-------- Source material --------

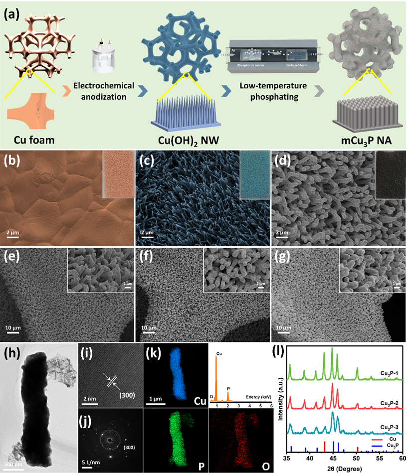 过渡金属磷化物,尤其是磷化亚铜(Cu3P),因其独特的电子结构、优异的比容量、良好的氧化还原可逆性及较低的氧化还原电位,在电化学储能与转换领域展现出广阔的应用前景。尽管Cu3P在阴离子可逆储存方面表现出显著潜力,但其在EDI体系中的应用尚未见报道,且其反应动力学和结构稳定性仍需进一步提升以满足实际应用需求。
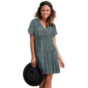 Women's Print V-Neck Dress - LASCANA - 1 of 4
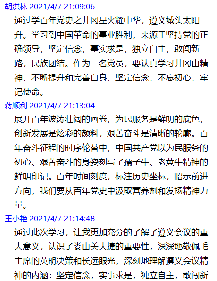 为加深教工党员对中国共产党历史的了解,4月7日,由管理系党总支主办,教工党支部承办的党史学习教育活动微领学活动在线上举行。此活动由教工党支部副书记陈龙同志领学,全体教工党员认真学习《井冈星火耀中华 遵义城头太阳升》的内容。
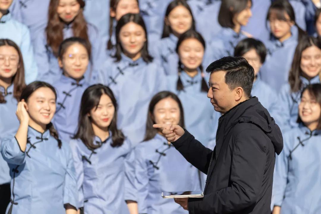 上午十点,合唱队员们身着民国时期的服装,穿戴整齐地来到博物馆门前。整理好发型和着装,调整好站位后,队员们在指导老师王磊的指挥下进行试唱,每一位队员都精神饱满,努力以最佳状态投入到演唱之中。
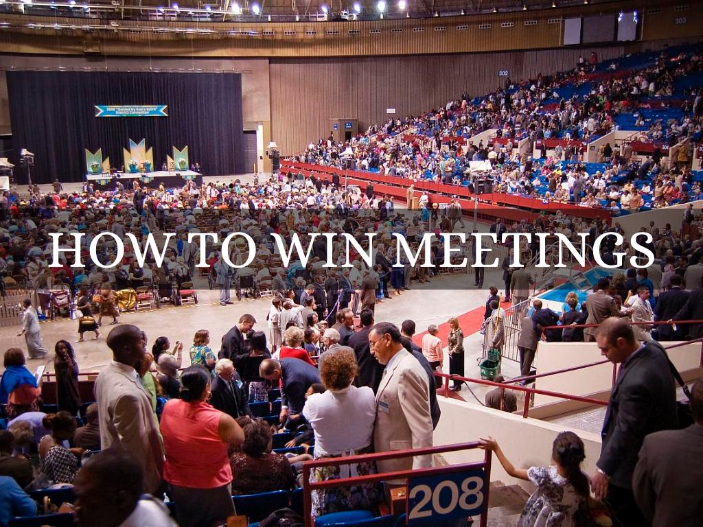 I predict that each and every one of you will have a need to win at a meeting some time in the future. Perhaps it's at a PTA meeting or a neighborhood association. Maybe you need to win because if you don't the school swimming team will be disbanded. Maybe the city wants to put a speed bump right in front of your house. I needed to win at a meeting a couple of months ago - the old jazz society was going bankrupt and they were organizing a new group. I knew with all my heart that the new group needed to have both jazz & swing in the name - it would allow us to double the size of our prospect pool by including swing dancers in our audience. I had to be effective and get my suggestion adopted. The new name is the Capital City Jazz & Swing Association.
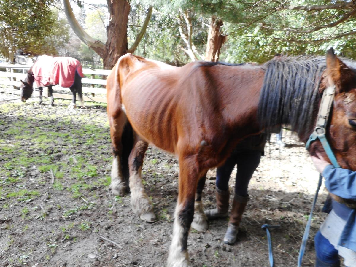 An SPCA Inspector issued a notice specifically directing the defendant to provide all her remaining horses 1-2 slices of hay daily, and give extra to the thinner horses still under her care. The Inspector returned a fortnight later. An underweight 8-year-old Shire named Keera was noted, and when the inspector checked on her a month later, her condition had not improved. Keera’s teeth and gums showed she had been eating very short grass or chewing on trees.
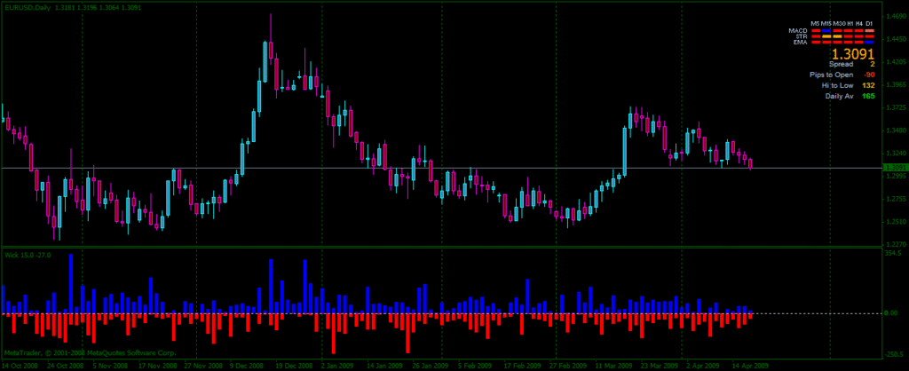 Объем нисходящих и восходящих движений – это очень краткосрочная мера силы движения цены. Он показывает, что происходит от транзакции к транзакции, и поэтому может быть довольно нестабильным в качестве индикатора.
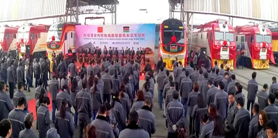 2016年12月16日,中車戚墅堰公司56臺(tái)出口肯尼亞內(nèi)燃機(jī)車項(xiàng)目首批12臺(tái)交付??夏醽嗚F路公司、中國(guó)路橋工程有限責(zé)任公司、中車股份公司相關(guān)人士,共同為交付機(jī)車剪彩。

--------

■ Exercise
Among the entries above, locate the line with "为加深教工党员对中国共产党历" and the line with "上午十点,合唱队员们身着民国". Give those two lines and all lines between them again, exactly, leaving out the pictures.

■ Solution below
 为加深教工党员对中国共产党历史的了解,4月7日,由管理系党总支主办,教工党支部承办的党史学习教育活动微领学活动在线上举行。此活动由教工党支部副书记陈龙同志领学,全体教工党员认真学习《井冈星火耀中华 遵义城头太阳升》的内容。
 上午十点,合唱队员们身着民国时期的服装,穿戴整齐地来到博物馆门前。整理好发型和着装,调整好站位后,队员们在指导老师王磊的指挥下进行试唱,每一位队员都精神饱满,努力以最佳状态投入到演唱之中。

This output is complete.